Top of Entries provided

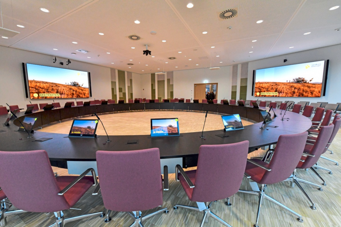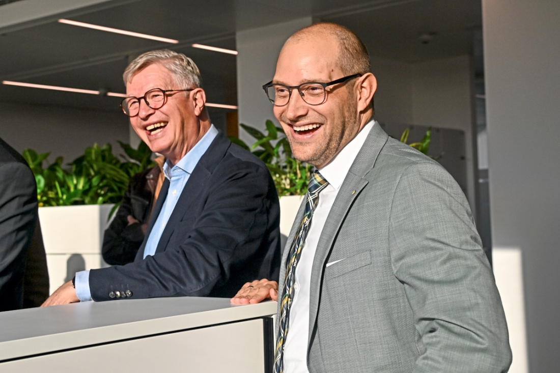 Bei der Schlüsselübergabe durch die Firma Züblin ging Landrat Marcel Musolf auf die nachhaltige Bauweise des Gebäudes mit Baukosten von 143,6 Millionen Euro ein. Im Mai wird zum Tag der offenen Tür eingeladen.
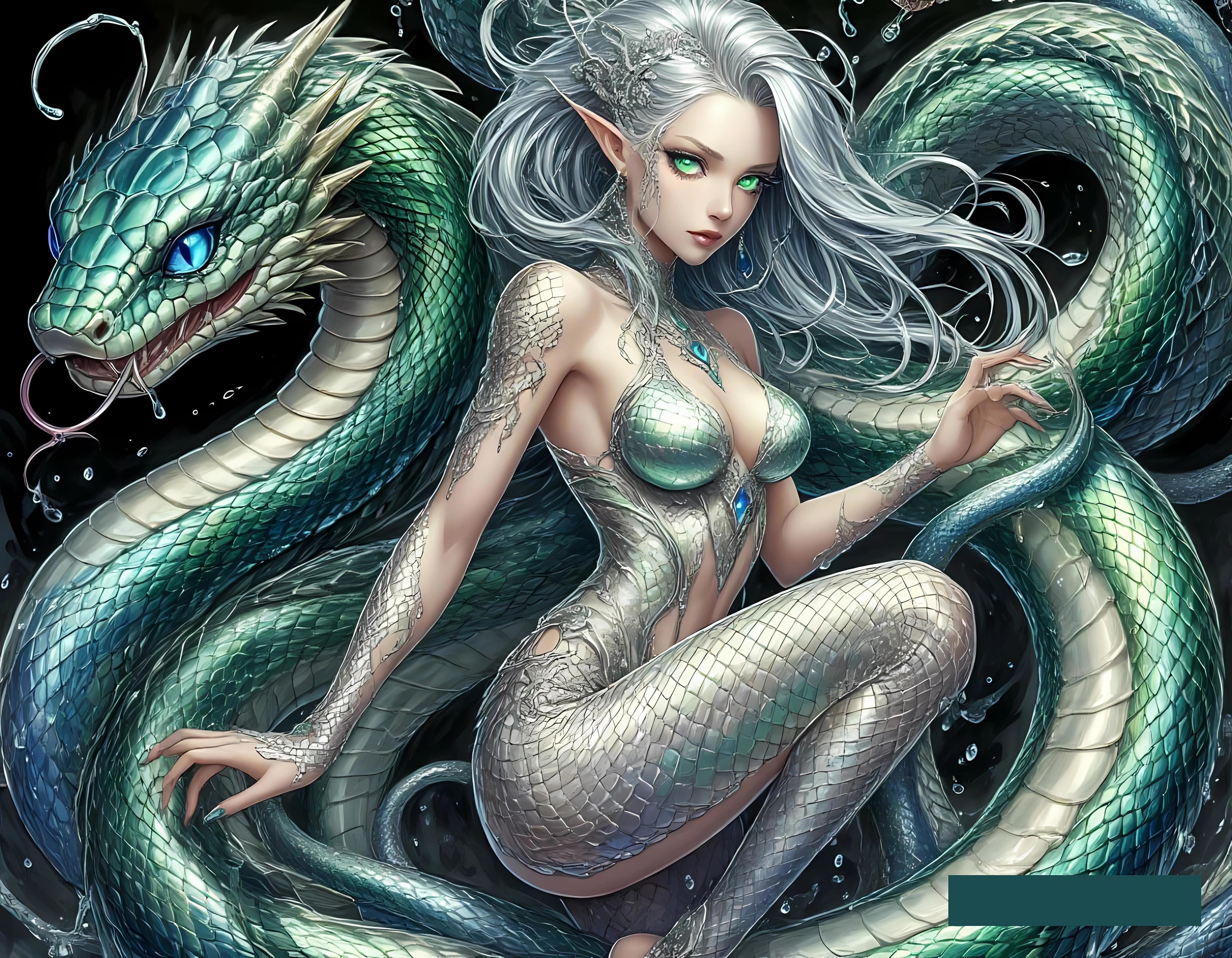 А здесь была робкая попытка в ее серебряный костюм на выступлении с шариками и змеями, но немного не хватило очарования нейросети. Хотя мне нравится =)
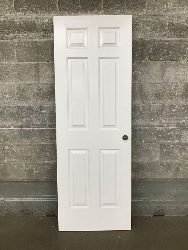28" Faux-Panelled Solid Core Door that is a little rough around the edges but still salvageable. Has 6 raised panels.
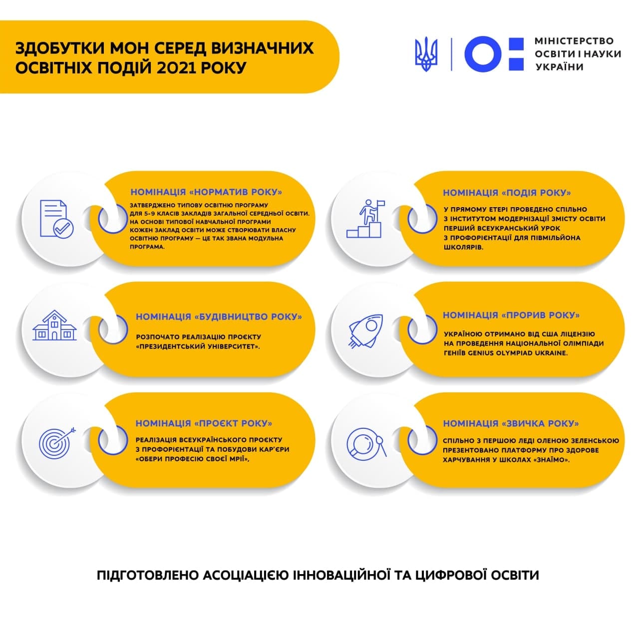 Серед ключових здобутки МОН – затвердження Типової освітньої програми для 5-9 класів, будівництво Президентського університету, впровадження Всеукраїнського проєкту з профорієнтації та побудови кар’єри, а також проведення першого Всеукраїнського уроку із профорієнтації, який став наймасовішим уроком в Україні та потрапив до Національної Книги Рекордів.
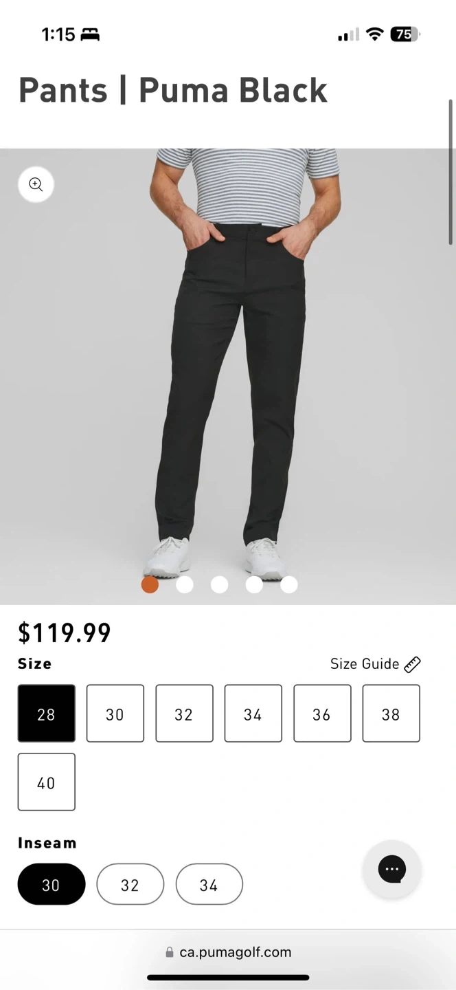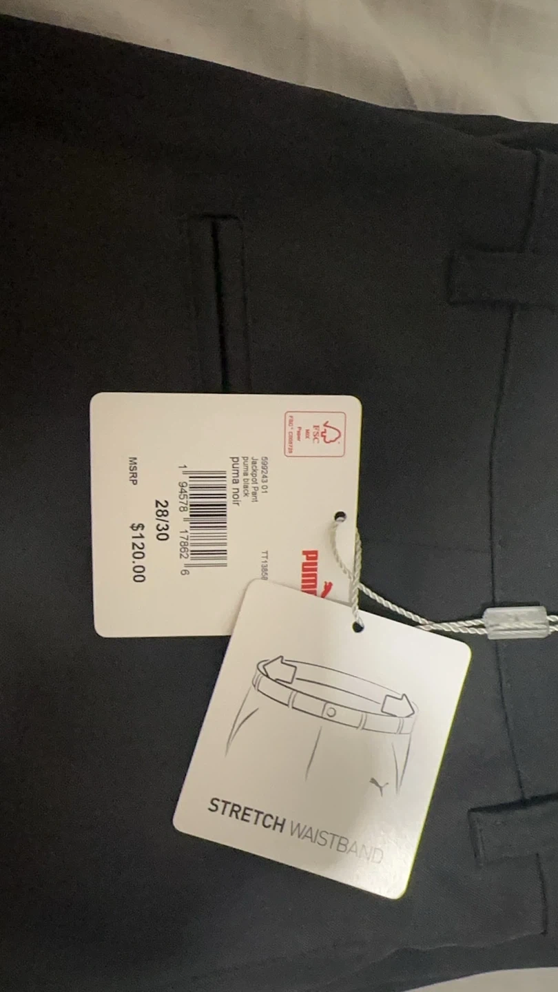 These Puma golf pants are brand new with tags! They're a sleek black colour and size 28/30. They feature a comfortable stretch waistband. The original price was $120.00
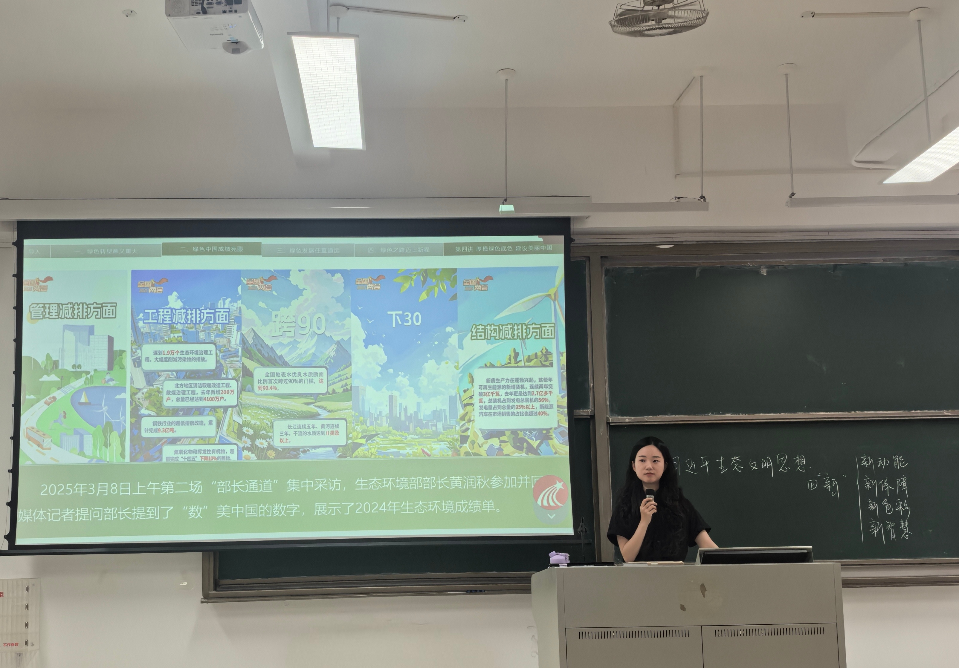 4月18日上午,罗文嘉在A5-206课室为2024电气工程及其自动化1班2班讲授了《厚植绿色底色 建设美丽中国》公开课。课上,罗老师以新能源汽车发展为例,展现我国绿色产业的飞速进步,见证了我国在该领域的加速度。为了让学生更深刻理解生态重要性,罗老师展示了学校图书馆举办的“地球一小时”倡议活动,呼吁大家节约能源,从身边的小事做起,让学生明白环保与每个人息息相关;提及广东花都湖国家湿地公园,展现生态保护与修复的成果,激发学生关注身边一草一木的兴趣,在生活中发现生态之美。此次公开课,通过丰富案例和数据,让学生认识到绿色转型的重大意义、我国取得的亮眼成绩及面临的挑战,增强了学生的环保意识,激励大家为建设美丽中国贡献力量。
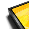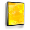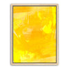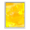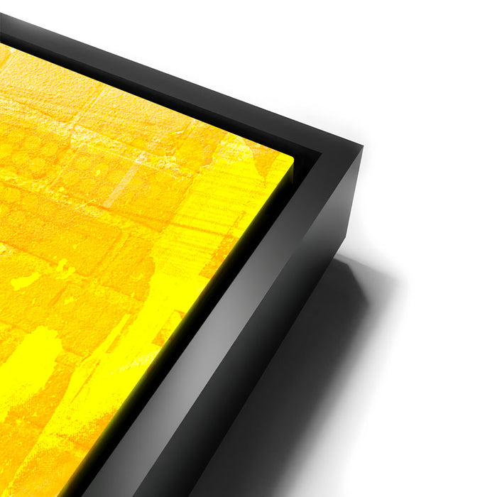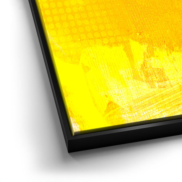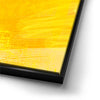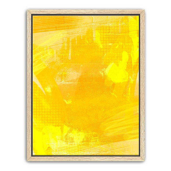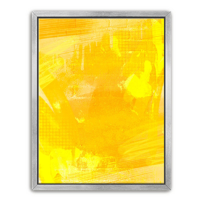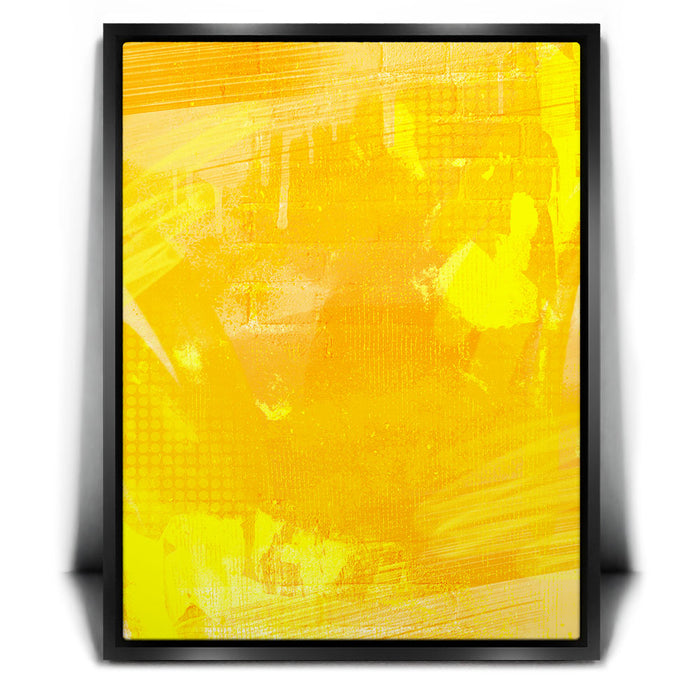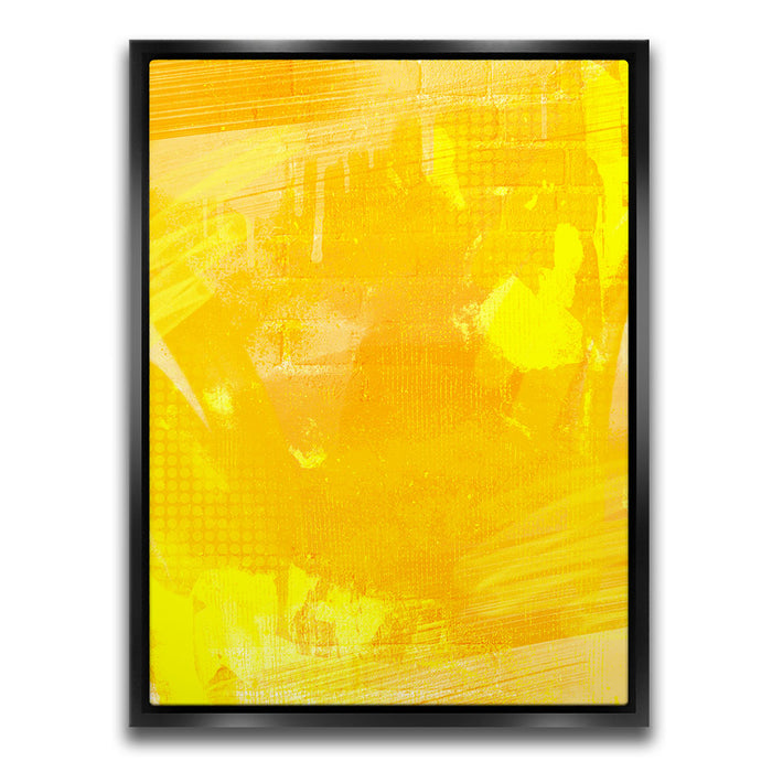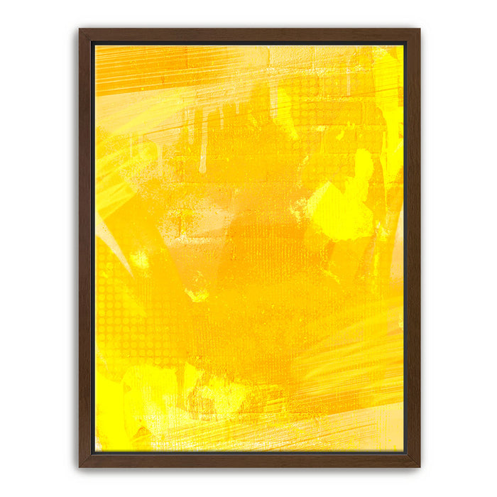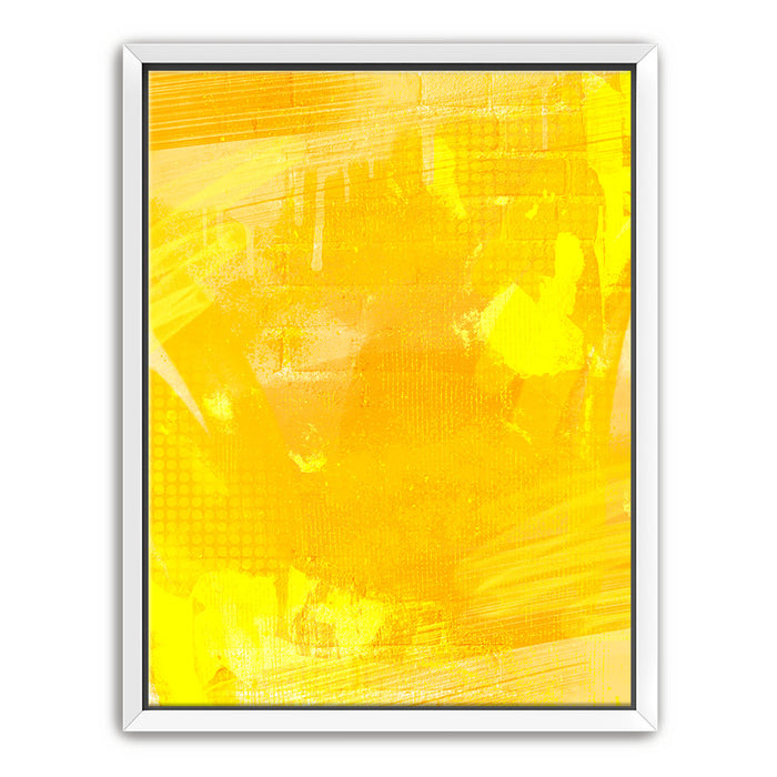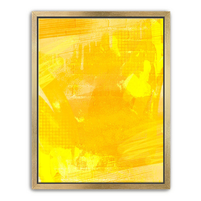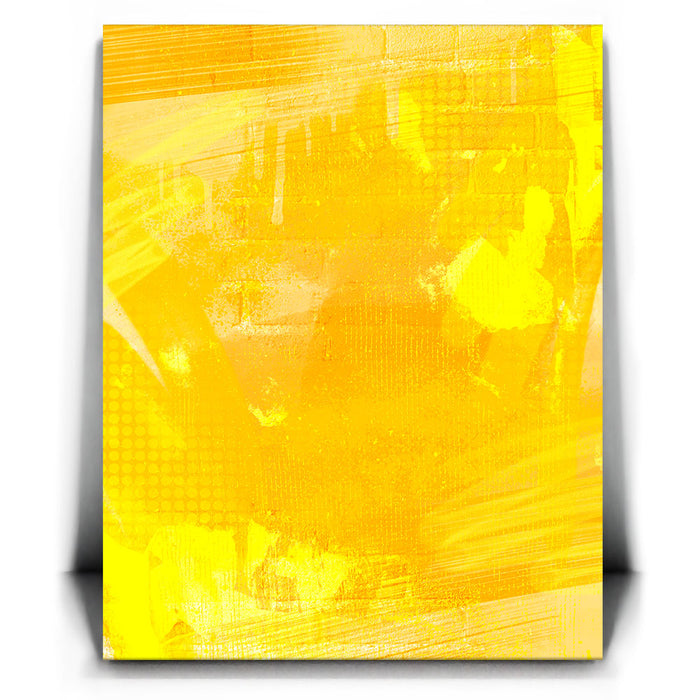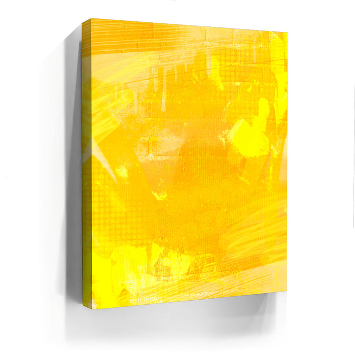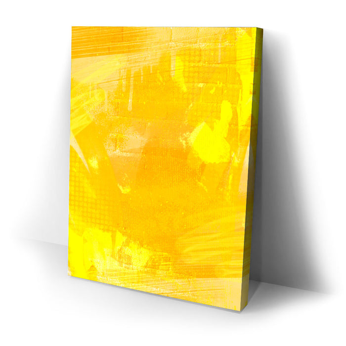 This dynamic abstract wall art piece radiates with the warmth of yellow paint, creating an uplifting and energetic atmosphere. The artwork showcases a variety of textures and techniques, from smooth strokes to layered splashes, all unified by the vibrant yellow hue.
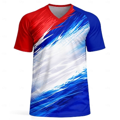 Homens Geométrica Gradiente França Verão do Futebol Partida Global Top de corrida Camiseta de Corrida Verão Manga Curta UPF 50 Secagem Rápida Respirável Academia Track Ginástica Azul Roupa de esporte

Bottom of Entries provided

Task to carry out. The entries above are to be restated verbatim, with no pictures carried over.

Result of the exercise.
 Bei der Schlüsselübergabe durch die Firma Züblin ging Landrat Marcel Musolf auf die nachhaltige Bauweise des Gebäudes mit Baukosten von 143,6 Millionen Euro ein. Im Mai wird zum Tag der offenen Tür eingeladen.
 А здесь была робкая попытка в ее серебряный костюм на выступлении с шариками и змеями, но немного не хватило очарования нейросети. Хотя мне нравится =)
28" Faux-Panelled Solid Core Door that is a little rough around the edges but still salvageable. Has 6 raised panels.
 Серед ключових здобутки МОН – затвердження Типової освітньої програми для 5-9 класів, будівництво Президентського університету, впровадження Всеукраїнського проєкту з профорієнтації та побудови кар’єри, а також проведення першого Всеукраїнського уроку із профорієнтації, який став наймасовішим уроком в Україні та потрапив до Національної Книги Рекордів.
 These Puma golf pants are brand new with tags! They're a sleek black colour and size 28/30. They feature a comfortable stretch waistband. The original price was $120.00
 4月18日上午,罗文嘉在A5-206课室为2024电气工程及其自动化1班2班讲授了《厚植绿色底色 建设美丽中国》公开课。课上,罗老师以新能源汽车发展为例,展现我国绿色产业的飞速进步,见证了我国在该领域的加速度。为了让学生更深刻理解生态重要性,罗老师展示了学校图书馆举办的“地球一小时”倡议活动,呼吁大家节约能源,从身边的小事做起,让学生明白环保与每个人息息相关;提及广东花都湖国家湿地公园,展现生态保护与修复的成果,激发学生关注身边一草一木的兴趣,在生活中发现生态之美。此次公开课,通过丰富案例和数据,让学生认识到绿色转型的重大意义、我国取得的亮眼成绩及面临的挑战,增强了学生的环保意识,激励大家为建设美丽中国贡献力量。
 This dynamic abstract wall art piece radiates with the warmth of yellow paint, creating an uplifting and energetic atmosphere. The artwork showcases a variety of textures and techniques, from smooth strokes to layered splashes, all unified by the vibrant yellow hue.
 Homens Geométrica Gradiente França Verão do Futebol Partida Global Top de corrida Camiseta de Corrida Verão Manga Curta UPF 50 Secagem Rápida Respirável Academia Track Ginástica Azul Roupa de esporte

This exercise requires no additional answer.